Right now node itself is under the control of the Node Foundation but npm (both the client and the registry) is under the control of npm Inc. The npm client and registry hold a special status within the node project by being shipped alongside node (which has previously resulted in licensing problems when npm Inc made changes to their license without notifying the node project) and being treated as "the" node module registry.
This means a non-trivial part of the node ecosystem -- as advertised and spread by the node project -- is under sole control of a private company. Further, npm employees are members of the Node Foundation and influencing it as such -- including Ashley Williams who was elected as a representative for the Node Foundation members despite an obvious conflict of interest (consciously or not) due to her prominent role at npm Inc.
It's a clusterfuck and I only see two options:
1. npm Inc continues to maintain the registry and client but stops interfering with attempts to replace npm as the authoritative module registry for the node project (leading to the eventual replacement of the registry and client by something under the control of the Node Foundation).

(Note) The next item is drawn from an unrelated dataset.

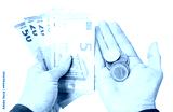 Isolated female hands holding euro banknotes and coins.
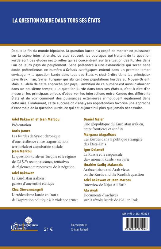 Depuis la fin du monde bipolaire, la question kurde n’a cessé de monter en puissance sur la scène internationale. Le plus souvent, les ouvrages qui traitent de la question kurde sont des études sectorielles qui se concentrent sur la situation des Kurdes dans l’un de leurs pays de peuplement. Sans prétendre à une exhaustivité qui serait sans doute prétentieuse, ce numéro d’Orients stratégiques entend dans un premier temps envisager « la question kurde dans tous ses États », c’est-à-dire dans les principaux pays (Irak, Iran, Syrie, Turquie) qui abritent des populations kurdes au Moyen-Orient. Mais, au-delà de cette approche par pays, l’ambition de ce numéro est aussi d’aborder, dans un deuxième temps, « la question kurde dans tous ses états », c’est-à-dire d’en mesurer les principaux enjeux, d’observer les interactions entre Kurdes des différents États et de voir comment des puissances extérieures s’impliquent également dans cette aire. Finalement, cette succession d’analyses approfondies favorise une approche d’ensemble de la question kurde, ce qui est aujourd’hui plus que jamais nécessaire.

2. npm Inc defers arbitration and governance of the public npm registry to a Node Foundation committee (which they may join through the normal ways but hold no special status in), effectively giving control over policies to the Node Foundation (formalizing their special status without giving them as much power over the node project as they currently have).
Some interesting things to note:
NPM claims intellectual property issues had nothing to do with their dispute resolution.
NPM disregarded Azer's unpublish request by restoring `left-pad@0.0.3` from a backup of Azer's original publishing, not by repackaging the liberally licensed source.
NPM claims the full dispute resolution policy is still in place, yet many of the packages that have been taken over currently have no usable code and/or are being 'squatted' in direct contradiction of that policy.